Aufgrund der glatten Oberfläche der Box rutschte das Rad nach dem Crash aber auf der Fahr­bahn weiter − und könnte so im Ernst­fall in den Gegen­verkehr geraten. Außerdem haben sie einige Schwächen im Fahr­verhalten, etwa beim Manövrieren und Ausweichen aus. Der ADAC hat solche Lastenräder mit Transportbox 2021 auch schon im Praxis­test geprüft.

2. Longtail-Bikes: Kinder sitzen hinten

Eine wachsende Alternative zu klassischen Lastenrädern mit Vorderbox sind sogenannte Longtail-Bikes: Ihr verlängerter Gepäck­träger bietet Platz für bis zu zwei Kinder oder umfang­reiche Einkäufe – hinter dem Radfahrer statt vor ihm. Das macht sie schmaler, leichter und platz­sparender als Boxen-Lastenräder.

Hand­habung und Fahr­verhalten dieser Lastenräder kommen einem normalen Fahr­rad am nächsten. In Sicher­heits­tests des ADAC schnitt diese Variante insgesamt am besten ab: Durch die hohe Sitz­position wurden die Kinder-Dummys beim seitlichen Aufprall nicht getroffen.

Voraus­setzung für Sicherheit ist aber, dass sichere Fahr­radkinder­sitze auf dem Gepäck­träger montiert werden. In unserem Test fanden wir gute Fahrradsitze ab 63 Euro. Nachteil dieses Lastenrad-Typs: Die Kinder sind nicht im Blick­feld, und die Kommunikation während der Fahrt ist einge­schränkt.

Unser belgisches Part­nermagazin Testachat hat 2025 fünf solcher Longtail-Lastenräder getestet. Die besten sind auch in Deutsch­land erhältlich.

3. Long-John: Langer Radstand mit Box

Das „Long John“ ist ein Lastenrad-Typ mit je einem Rad vorne und hinten, wobei zwischen den Rädern ein großer Abstand besteht. Die Trans­portbox sitzt bei dieser Variante zwischen Lenker und Vorderrad. Diese Räder punkteten im Hand­ling. Außerdem sind die Kinder unterwegs stets im Blick­feld.

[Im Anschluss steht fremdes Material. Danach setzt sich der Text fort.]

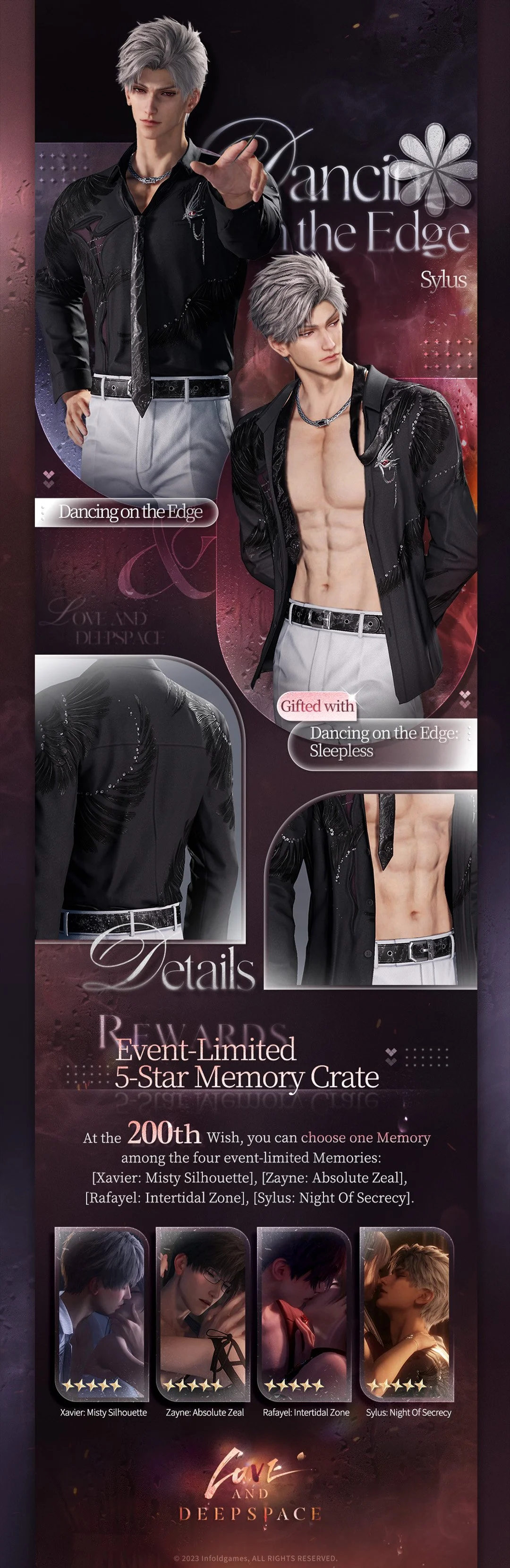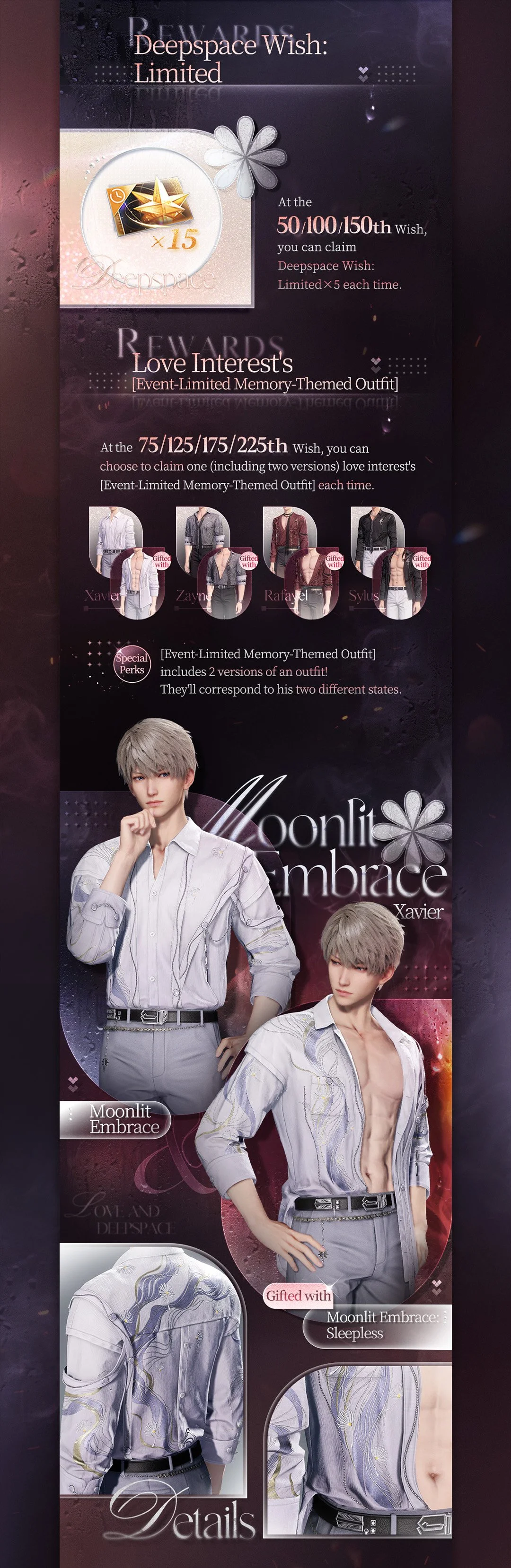 At the 200th Wish, you can choose one Memory among the four event-limited Memories: [Xavier: Misty Silhouette], [Zayne: Absolute Zeal], [Rafayel: Intertidal Zone], [Sylus: Night Of Secrecy].

In den Sicher­heits­tests des ADAC hatte das Long Johns ähnliche Probleme wie das zweispurige Lastenrad: Auch dieses Rad rutschte durch die glatte Oberfläche der Trans­portbox auf der Fahr­bahn weiter.

Der ADAC hatte 2022 sechs solcher einspurigen E-Lastenräder geprüft. Vorn landeten das Muli E-Muli und das Urban Arrow Family.

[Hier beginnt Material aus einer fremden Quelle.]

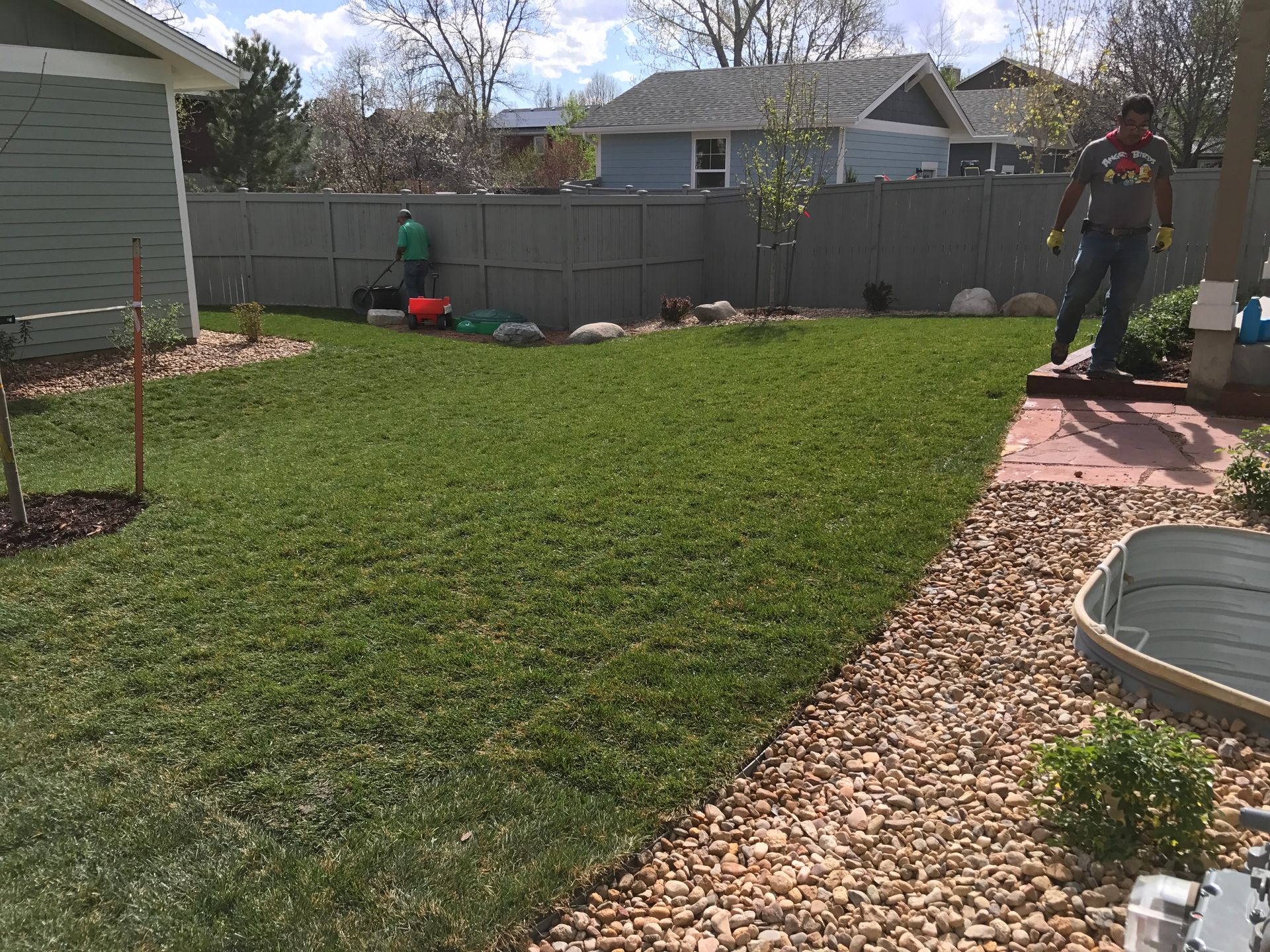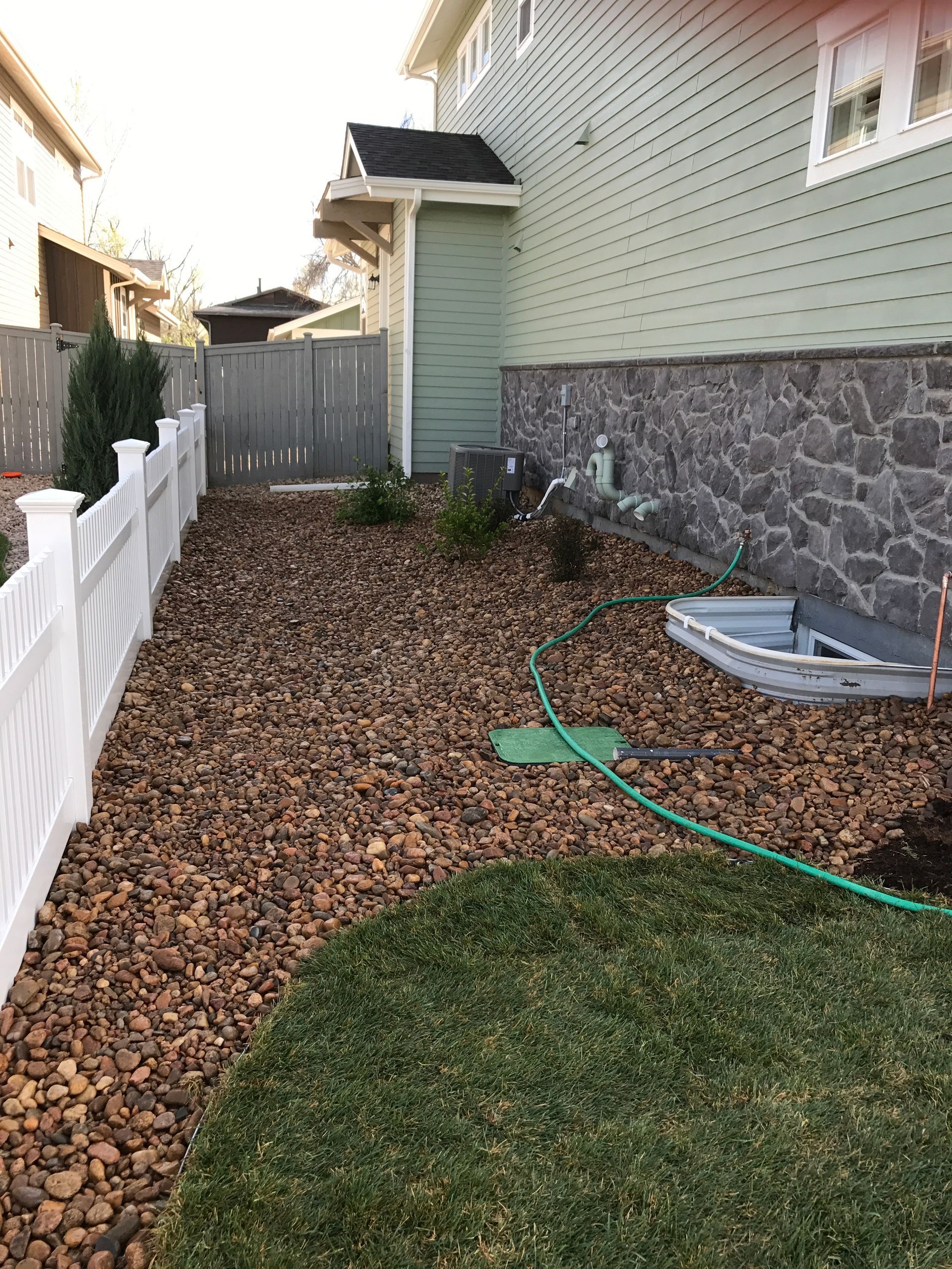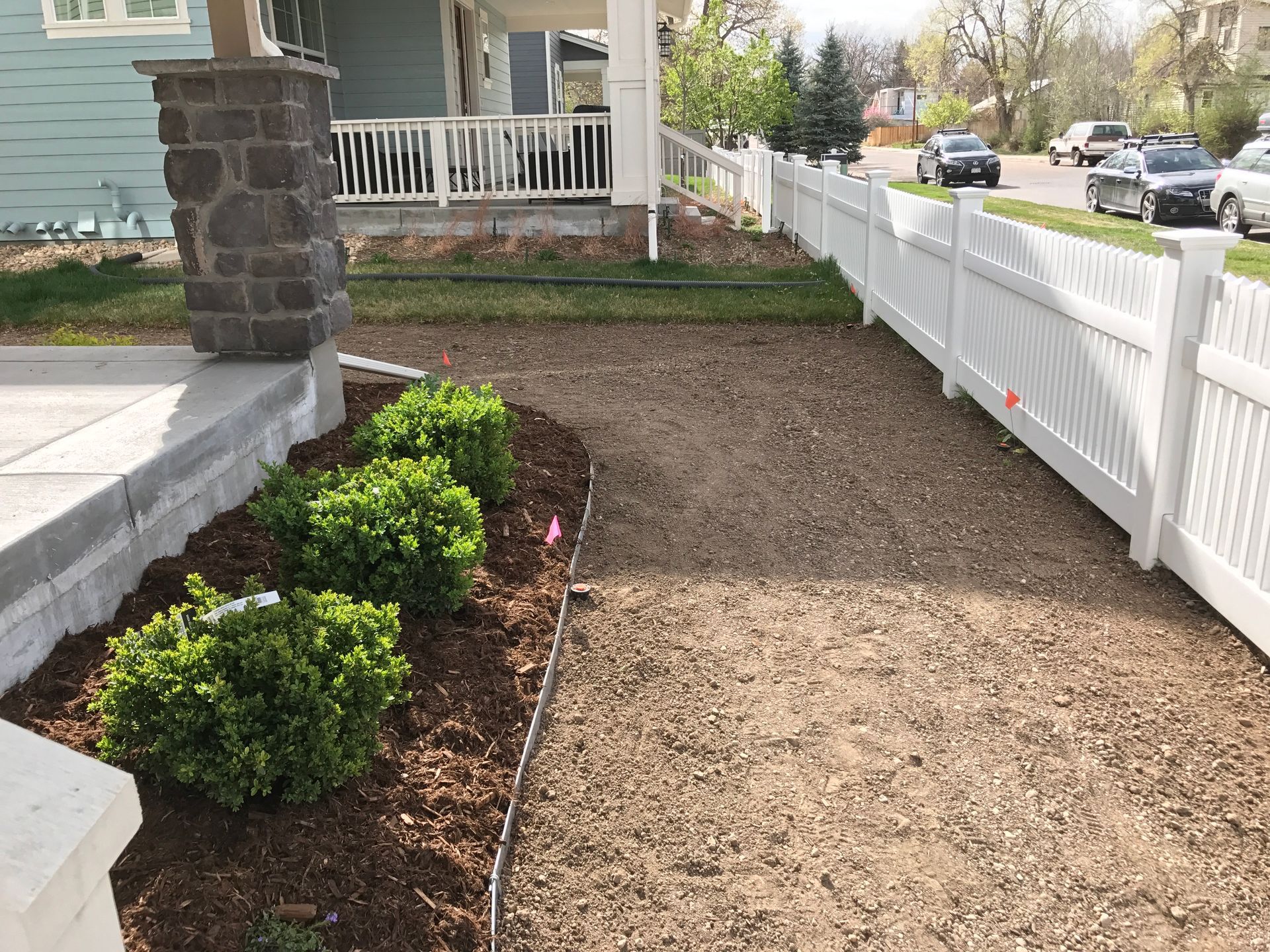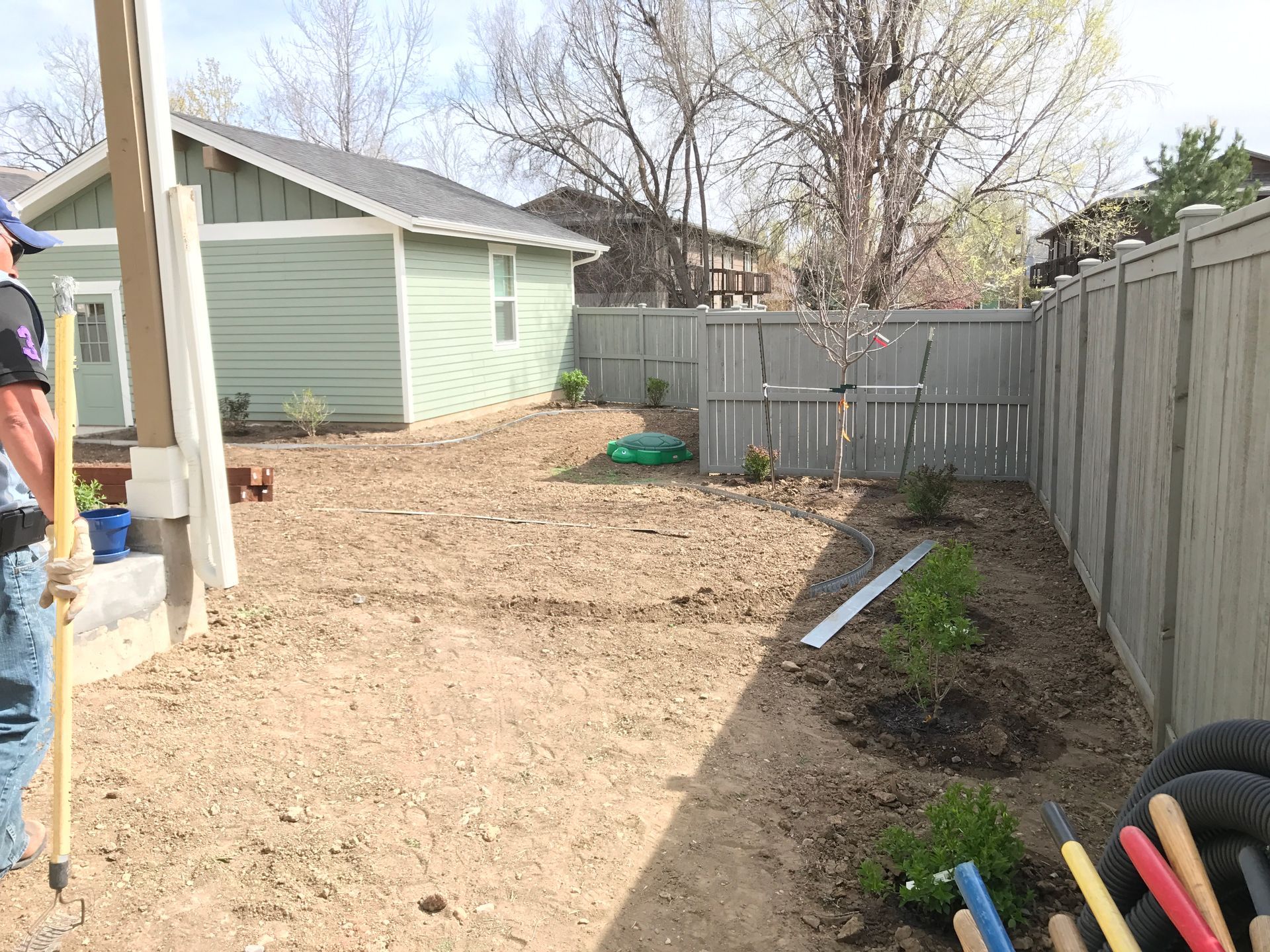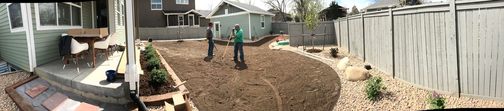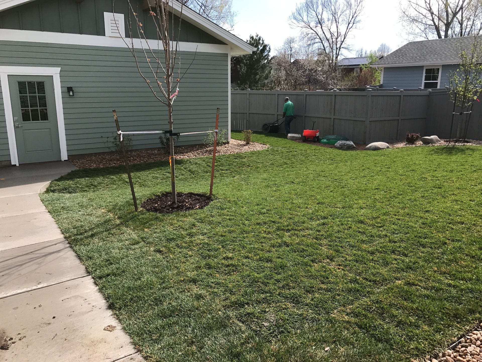 Full landscape remodel with decorative rock, plantings, sprinklers and grass. Lafayette, CO 2019

Lastenräder: Pro und Contra
Nach­läufer fürs Kinder­fahr­rad: Unsicher

Über eine Kupp­lung wird ein Kinder­fahr­rad an das Fahr­rad eines Erwachsenen angehängt. Ein zweites Kind lässt sich im Kinder­fahr­radsitz auf dem Gepäck­träger trans­portieren. In dieser Kombination hat der ADAC den Nach­läufer im Sicher­heits­test geprüft.

Diese Variante ist besonders kompakt und günstig – wenn bereits ein Kinder­fahr­rad vorhanden ist. In puncto Sicherheit sieht der ADAC jedoch Probleme: Hüfte und Beine würden beim seitlichen Crash direkt getroffen, außerdem werde das Kind vom Kinder­rad unge­schützt auf die Fahr­bahn geschleudert.

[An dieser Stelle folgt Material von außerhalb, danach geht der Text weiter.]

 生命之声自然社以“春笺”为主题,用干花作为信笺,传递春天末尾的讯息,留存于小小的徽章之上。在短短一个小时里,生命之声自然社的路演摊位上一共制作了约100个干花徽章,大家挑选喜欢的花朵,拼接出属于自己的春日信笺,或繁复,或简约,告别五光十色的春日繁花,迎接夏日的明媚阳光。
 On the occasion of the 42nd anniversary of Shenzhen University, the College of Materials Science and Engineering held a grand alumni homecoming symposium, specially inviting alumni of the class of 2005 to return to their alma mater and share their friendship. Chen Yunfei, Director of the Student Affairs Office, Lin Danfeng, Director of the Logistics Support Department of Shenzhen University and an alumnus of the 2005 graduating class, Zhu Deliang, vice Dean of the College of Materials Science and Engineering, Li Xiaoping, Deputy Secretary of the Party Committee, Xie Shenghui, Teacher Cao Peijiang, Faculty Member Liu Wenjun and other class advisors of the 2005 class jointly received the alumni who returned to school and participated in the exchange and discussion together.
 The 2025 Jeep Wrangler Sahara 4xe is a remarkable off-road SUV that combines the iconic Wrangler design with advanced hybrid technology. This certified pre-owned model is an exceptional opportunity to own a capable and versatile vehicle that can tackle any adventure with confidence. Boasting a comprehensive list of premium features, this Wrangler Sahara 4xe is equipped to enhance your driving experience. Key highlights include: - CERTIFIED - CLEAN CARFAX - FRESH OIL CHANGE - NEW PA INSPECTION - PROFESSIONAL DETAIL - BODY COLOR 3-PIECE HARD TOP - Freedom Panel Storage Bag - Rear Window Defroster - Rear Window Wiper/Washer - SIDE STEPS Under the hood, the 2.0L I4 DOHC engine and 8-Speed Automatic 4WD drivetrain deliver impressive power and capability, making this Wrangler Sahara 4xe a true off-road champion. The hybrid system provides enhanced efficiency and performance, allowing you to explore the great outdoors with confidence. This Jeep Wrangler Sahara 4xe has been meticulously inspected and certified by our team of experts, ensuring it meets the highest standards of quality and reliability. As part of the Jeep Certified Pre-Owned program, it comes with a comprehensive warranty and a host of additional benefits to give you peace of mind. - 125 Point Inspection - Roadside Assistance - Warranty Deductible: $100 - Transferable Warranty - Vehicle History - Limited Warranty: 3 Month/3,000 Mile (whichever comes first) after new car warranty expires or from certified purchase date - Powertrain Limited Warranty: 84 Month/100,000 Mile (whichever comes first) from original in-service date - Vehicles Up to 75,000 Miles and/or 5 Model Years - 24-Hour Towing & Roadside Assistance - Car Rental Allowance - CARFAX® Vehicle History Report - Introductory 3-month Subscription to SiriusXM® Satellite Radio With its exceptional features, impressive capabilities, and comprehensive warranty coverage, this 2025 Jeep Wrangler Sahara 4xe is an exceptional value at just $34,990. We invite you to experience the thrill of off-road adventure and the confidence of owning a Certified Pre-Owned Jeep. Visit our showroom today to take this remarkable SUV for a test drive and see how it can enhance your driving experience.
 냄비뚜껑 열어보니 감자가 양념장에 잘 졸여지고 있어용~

Bei sogenannten Fahr­radtrailern – einem halben Kinder­fahr­rad, das ans Erwachsenen-Rad angehängt wird – hatten wir in der Vergangenheit ebenfalls gravierende Sicher­heits­probleme fest­gestellt.

Nach­läufer: Pro und Contra
Kinder­fahr­rad: Sicher ab dem ersten Rad

Wenn Kinder alt genug sind, selbst zu radeln, ist das richtige Kinder­fahr­rad entscheidend für ihre Sicherheit. Im Kinderfahrrad-Test 2026 haben wir elf 14-Zoll-Kinder­fahr­räder für Drei- bis Fünf­jährige geprüft. Fünf von elf Rädern sind mangelhaft, weil ihre Bremsen gefähr­lich stark oder zu schwach sind.